▶ _Data in this exercise_
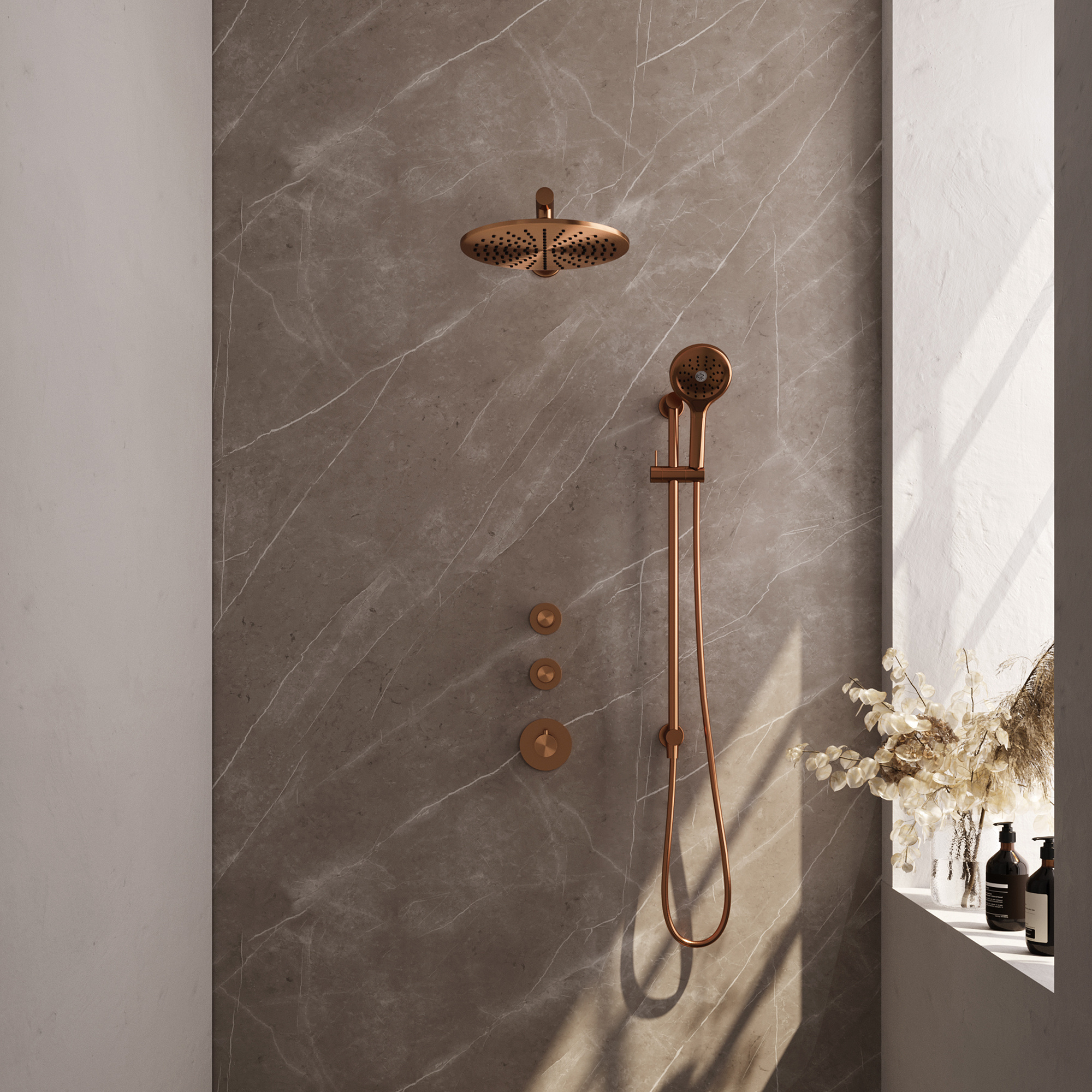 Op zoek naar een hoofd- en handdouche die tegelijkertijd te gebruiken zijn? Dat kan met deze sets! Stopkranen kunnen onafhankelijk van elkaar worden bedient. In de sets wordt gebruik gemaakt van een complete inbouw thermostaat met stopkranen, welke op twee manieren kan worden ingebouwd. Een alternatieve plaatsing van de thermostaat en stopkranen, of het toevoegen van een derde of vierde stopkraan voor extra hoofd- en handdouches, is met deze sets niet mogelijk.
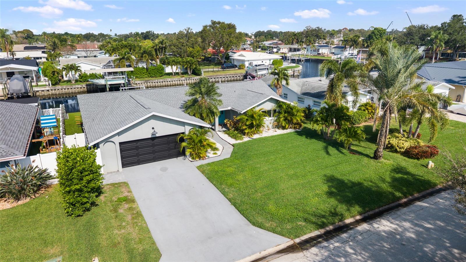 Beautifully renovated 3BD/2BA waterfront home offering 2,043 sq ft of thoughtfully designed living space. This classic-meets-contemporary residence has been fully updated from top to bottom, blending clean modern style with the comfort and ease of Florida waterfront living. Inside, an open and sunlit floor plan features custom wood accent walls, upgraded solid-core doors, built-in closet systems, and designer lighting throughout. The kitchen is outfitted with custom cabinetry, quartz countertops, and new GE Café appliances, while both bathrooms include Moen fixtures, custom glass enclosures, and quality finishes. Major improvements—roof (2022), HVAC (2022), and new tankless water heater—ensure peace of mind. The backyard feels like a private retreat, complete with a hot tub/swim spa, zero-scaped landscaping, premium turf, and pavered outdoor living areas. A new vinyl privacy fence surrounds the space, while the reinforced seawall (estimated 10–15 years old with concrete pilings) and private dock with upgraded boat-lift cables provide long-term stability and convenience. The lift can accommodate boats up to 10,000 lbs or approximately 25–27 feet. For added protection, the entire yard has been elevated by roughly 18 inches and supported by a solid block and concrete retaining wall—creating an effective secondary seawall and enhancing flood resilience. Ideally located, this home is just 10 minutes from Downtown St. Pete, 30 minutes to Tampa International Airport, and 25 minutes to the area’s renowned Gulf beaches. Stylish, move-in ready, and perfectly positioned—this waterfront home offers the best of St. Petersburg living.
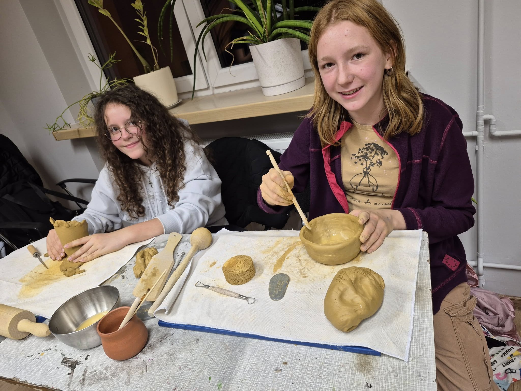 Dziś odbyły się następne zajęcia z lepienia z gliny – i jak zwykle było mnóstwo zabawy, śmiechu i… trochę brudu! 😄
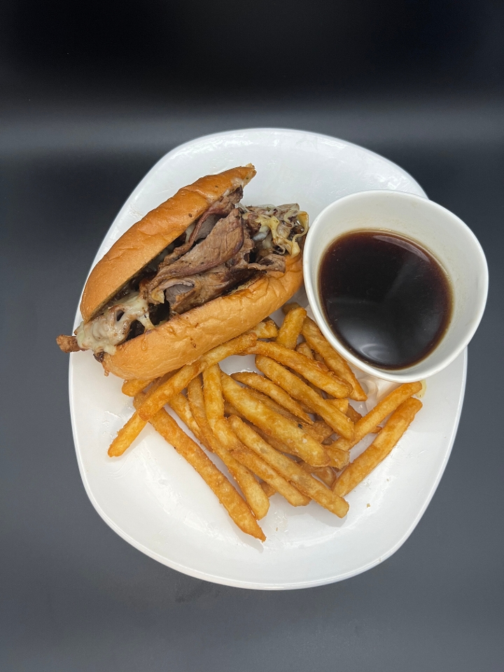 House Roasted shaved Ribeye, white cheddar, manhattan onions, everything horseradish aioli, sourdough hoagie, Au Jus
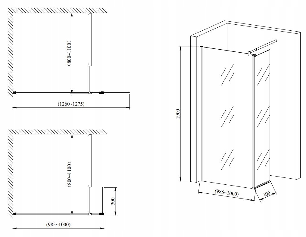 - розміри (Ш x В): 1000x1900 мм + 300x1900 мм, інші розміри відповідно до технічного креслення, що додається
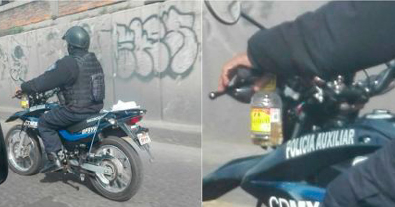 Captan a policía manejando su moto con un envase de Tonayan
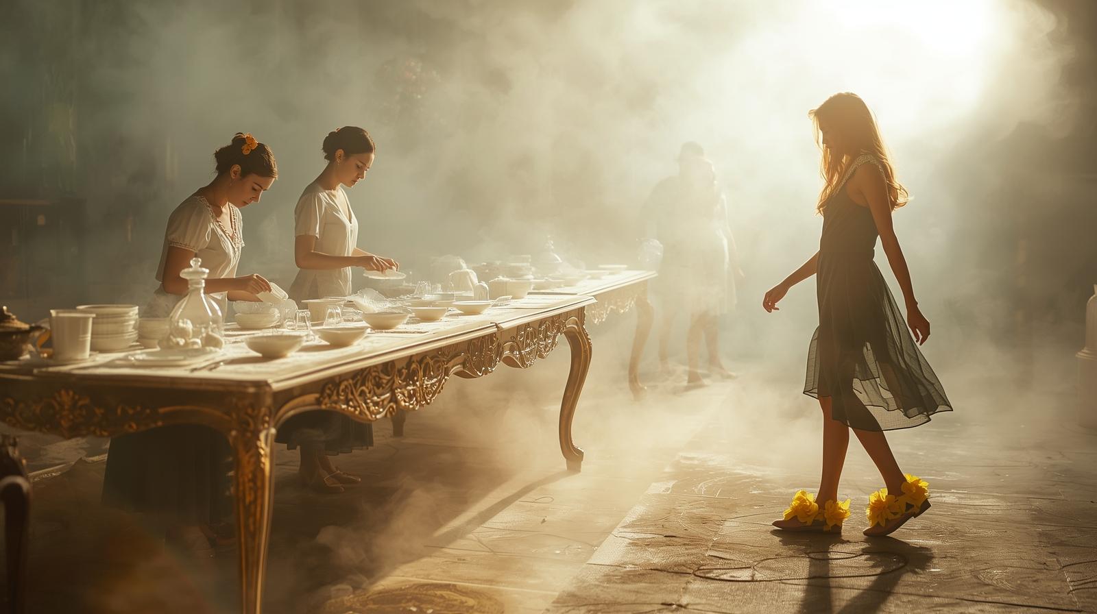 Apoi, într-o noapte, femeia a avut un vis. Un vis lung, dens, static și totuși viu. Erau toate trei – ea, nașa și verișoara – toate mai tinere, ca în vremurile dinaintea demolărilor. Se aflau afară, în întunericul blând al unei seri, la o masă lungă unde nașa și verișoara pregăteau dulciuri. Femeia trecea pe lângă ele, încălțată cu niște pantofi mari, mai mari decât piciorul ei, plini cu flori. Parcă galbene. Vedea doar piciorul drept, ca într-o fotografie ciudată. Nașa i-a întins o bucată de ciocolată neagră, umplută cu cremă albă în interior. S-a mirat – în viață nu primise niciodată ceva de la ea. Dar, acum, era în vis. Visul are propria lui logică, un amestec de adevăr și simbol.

...

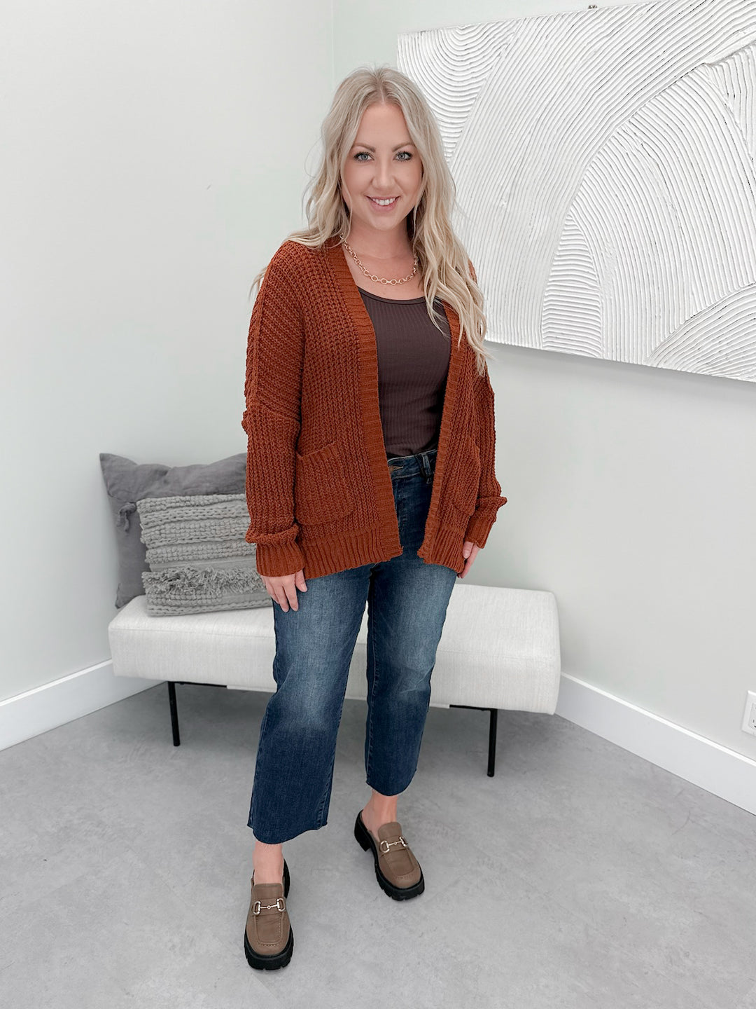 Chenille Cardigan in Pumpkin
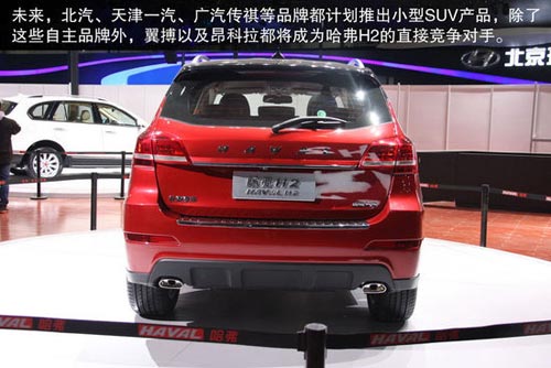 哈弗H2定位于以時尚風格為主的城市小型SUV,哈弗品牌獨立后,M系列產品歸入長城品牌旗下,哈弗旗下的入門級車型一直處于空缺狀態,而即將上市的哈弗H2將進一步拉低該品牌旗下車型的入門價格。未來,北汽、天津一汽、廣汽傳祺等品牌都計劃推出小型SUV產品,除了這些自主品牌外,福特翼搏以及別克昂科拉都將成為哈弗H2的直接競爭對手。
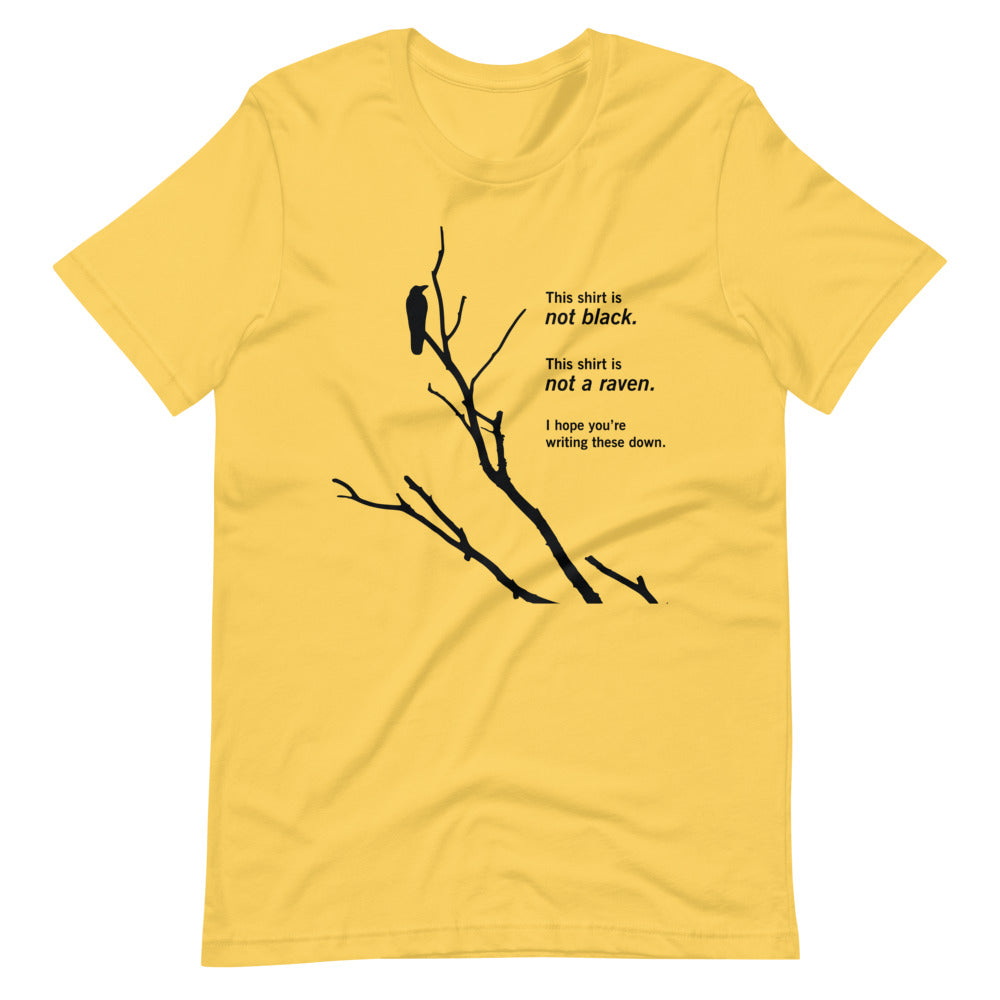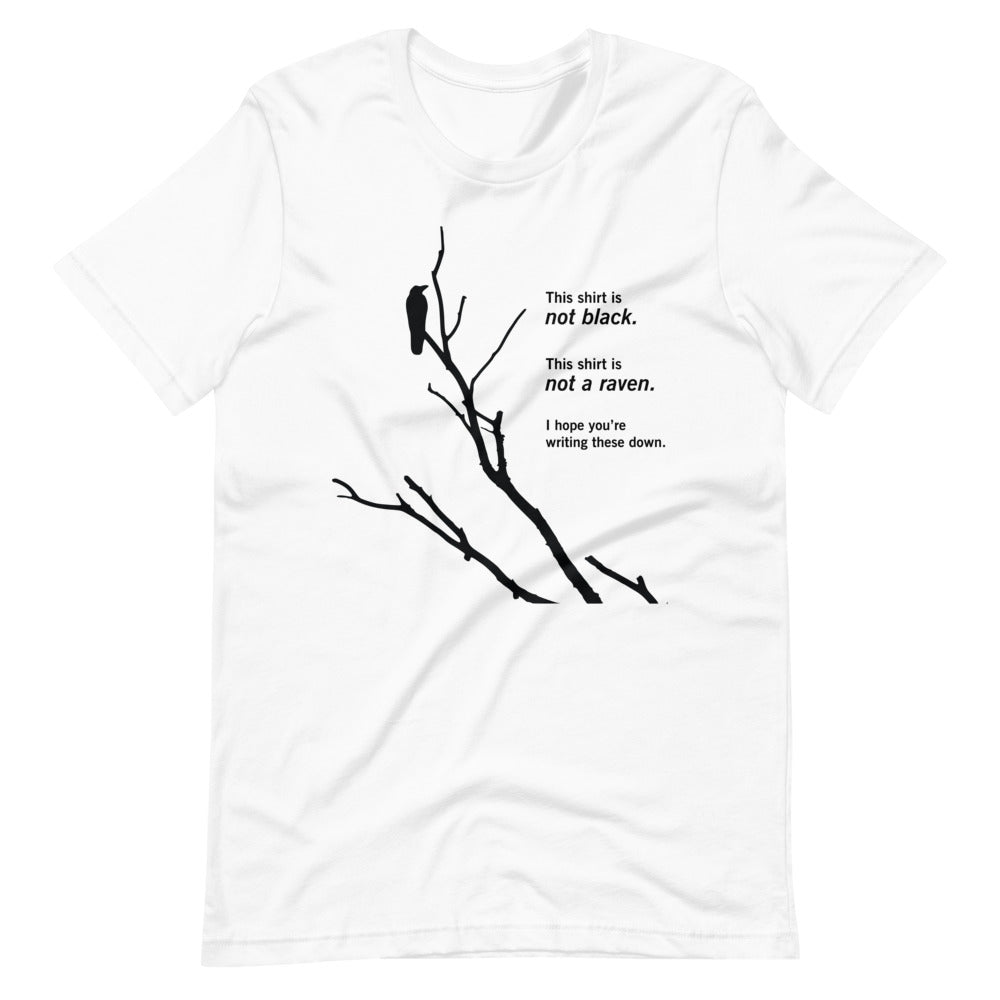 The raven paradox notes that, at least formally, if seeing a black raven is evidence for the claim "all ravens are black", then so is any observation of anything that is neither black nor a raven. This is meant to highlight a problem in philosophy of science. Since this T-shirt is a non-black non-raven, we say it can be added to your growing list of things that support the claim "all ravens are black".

▶ _Your task_
When you reach the line holding "House Roasted shaved" in the listing above, begin retyping exactly, and stop once the line holding "Apoi, într-o noapte, femeia" is done; pictures stay out.

▶ _Exercise response_
 House Roasted shaved Ribeye, white cheddar, manhattan onions, everything horseradish aioli, sourdough hoagie, Au Jus
 - розміри (Ш x В): 1000x1900 мм + 300x1900 мм, інші розміри відповідно до технічного креслення, що додається
 Captan a policía manejando su moto con un envase de Tonayan
 Apoi, într-o noapte, femeia a avut un vis. Un vis lung, dens, static și totuși viu. Erau toate trei – ea, nașa și verișoara – toate mai tinere, ca în vremurile dinaintea demolărilor. Se aflau afară, în întunericul blând al unei seri, la o masă lungă unde nașa și verișoara pregăteau dulciuri. Femeia trecea pe lângă ele, încălțată cu niște pantofi mari, mai mari decât piciorul ei, plini cu flori. Parcă galbene. Vedea doar piciorul drept, ca într-o fotografie ciudată. Nașa i-a întins o bucată de ciocolată neagră, umplută cu cremă albă în interior. S-a mirat – în viață nu primise niciodată ceva de la ea. Dar, acum, era în vis. Visul are propria lui logică, un amestec de adevăr și simbol.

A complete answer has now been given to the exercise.